In the United States, the vast majority of privately-administered health benefits plans are regulated by the ERISA. Dep't of Labor: Health Plans & Benefits. Judicial review under ERISA potentially influences the availability and content of such plans for thousands of American employees. The resolution of this case will clarify the scope of judicial review under ERISA, determine courts' role in preventing wrongful denials, and shape a course for future ERISA litigation.

Expanding the scope of judicial review of benefits denials

A ruling in favor of Glenn would require courts to undertake a more searching review of future benefits denials if plan administrators play a similar dual-role to MetLife. As Glenn sees it, permitting such extensive judicial review may increase the chance that improperly denied claims will be paid.

MetLife, however, asserts that it is unnecessary for a court to consider a conflict of interest because the "arbitrary and capricious" standard of review alone is enough to root out improper decisions. Brief for Petitioner at 16, 35-36. MetLife argues out that ERISA sufficiently safeguards against wrongful denials of benefits by requiring administrators to consult with physicians and to document the reasons behind their authorization or denial of benefits. Id. Likewise, America's Health Insurance Plans, a national association of insurance companies, argues that deferential judicial review increases the likelihood that decisions over the same plan will be consistent. Brief for America's Health Insurance Plans as Amicus Curiae in Support of the Petitioner at 18. MetLife also proposes that state regulators have greater expertise and resources than federal courts, and are thus better positioned to consider a conflict of interest.
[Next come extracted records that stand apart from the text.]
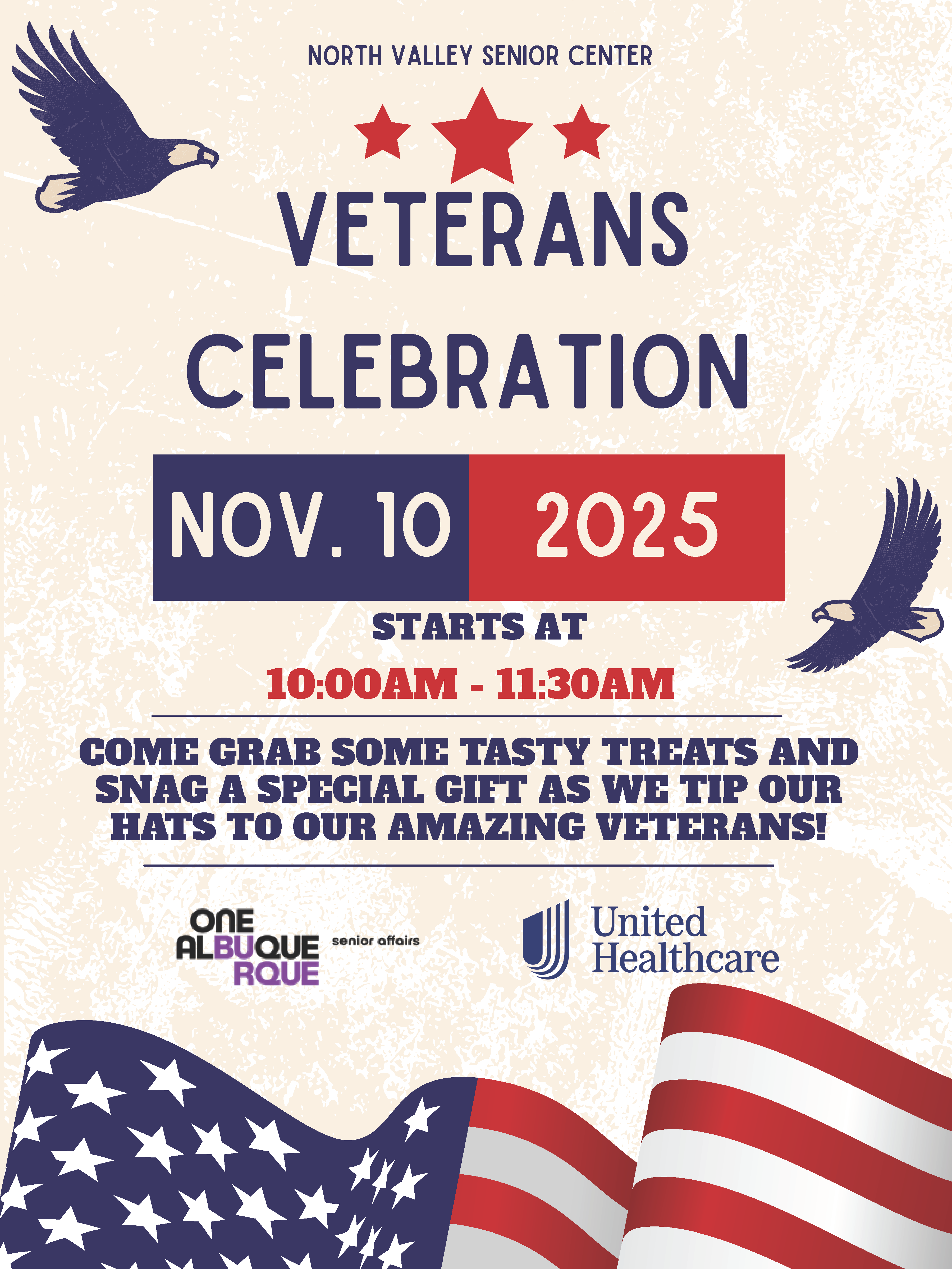Join us at North Valley Senior Center on Monday, November 10, 2025 as we honor our veterans.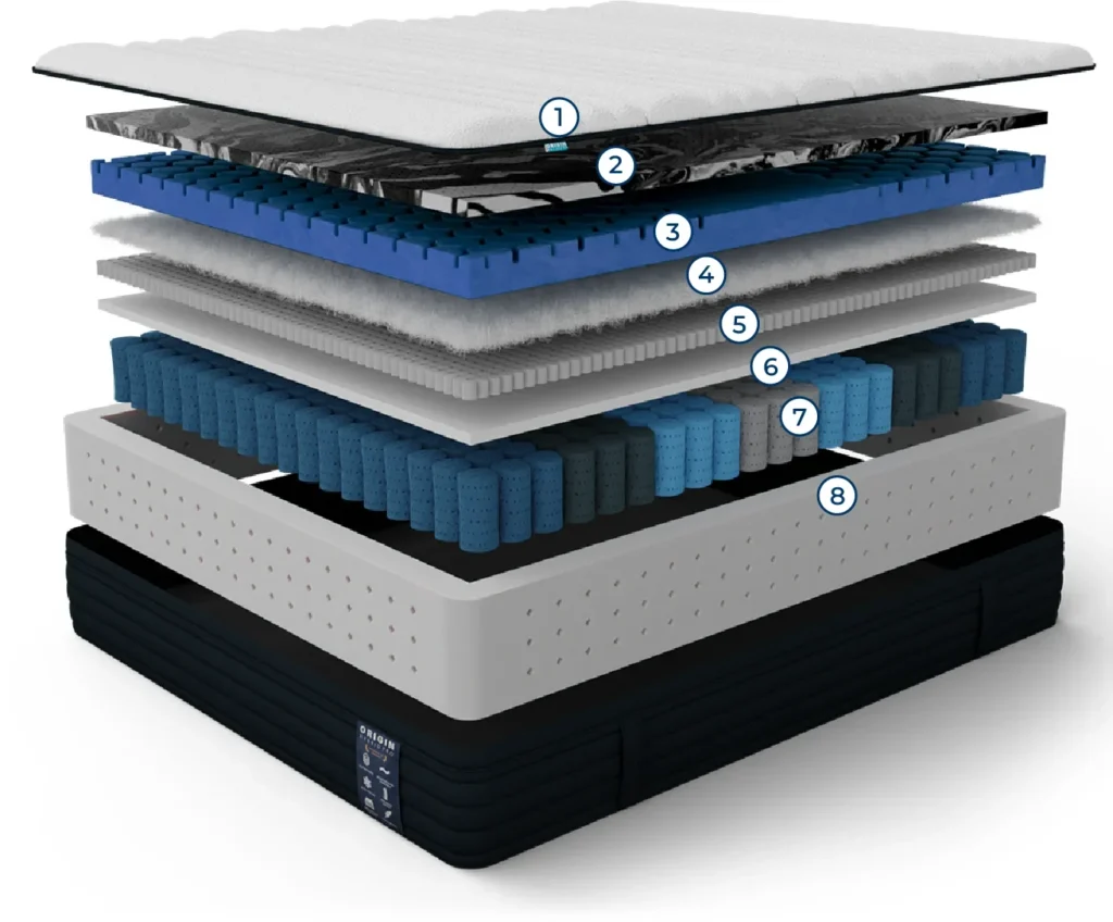 But the real engine room of this mattress is the spring system. ORIGIN didn’t just throw in a few pocket coils. They packed in over 5,700+ TitaniumCoil microsprings. This isn’t just for show; this dense, hyper-responsive grid creates two critical benefits.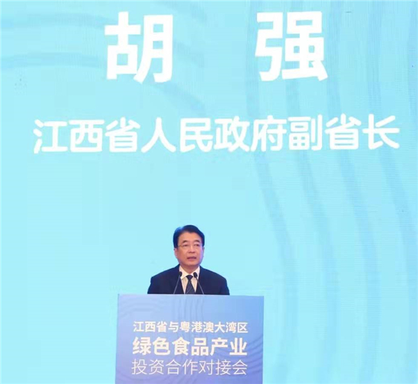 胡強在致辭中指出,江西農業底蘊深厚、貢獻突出,是全國13個糧食主產省之一,是全國重要的農產品生產基地和供應基地,稻穀產量位居全國第3位,柑橘產量位居全國第5位,水產品產量位居內陸省第2位,生豬存欄量位居全國第10位,外調糧穩居全國前3位。江西農業特色鮮明、綠色為本,擁有一流的水、一流的山、一流的空氣,全省綠色有機地理標誌農產品3894個,其中有機農產品總數位居全國第4位,今年,江西與農業農村部啟動共建江西綠色有機農產品示範基地試點省。江西農業蓄勢待發、前景廣闊,先後出台了糧食、生豬、蔬菜、牛羊、漁業、富硒農業、食用菌、家禽等政策文件,初步構建了現代農業發展「四梁八柱」政策體系;實施綠色食品產業鏈鏈長制,加快建設全省冷鏈物流骨幹網絡,打通「最後一公里」。

Brief for Petitioner at 37-39.

Preventing wrongful denials

MetLife argues that market forces provide insurance companies with sufficient incentives to honestly and fairly make authorization decisions. Brief for Petitioner at 29. It notes that employers offer benefit plans to attract new employees and to boost morale. Id. MetLife asserts that unfairly denying claims would defeat those purposes by angering employees, thus prompting employers to change insurance companies. Id. MetLife further points out that because individual claims are small relative to an insurance company's profits, insurance companies are unlikely to risk losing business by improperly denying claims. Id. at 30. However, denying Glenn's claim alone saved MetLife $180,000, and systematically denying such claims could significantly affect profit. See Respondent's Brief in Opposition to Certiorari at 23, n.8.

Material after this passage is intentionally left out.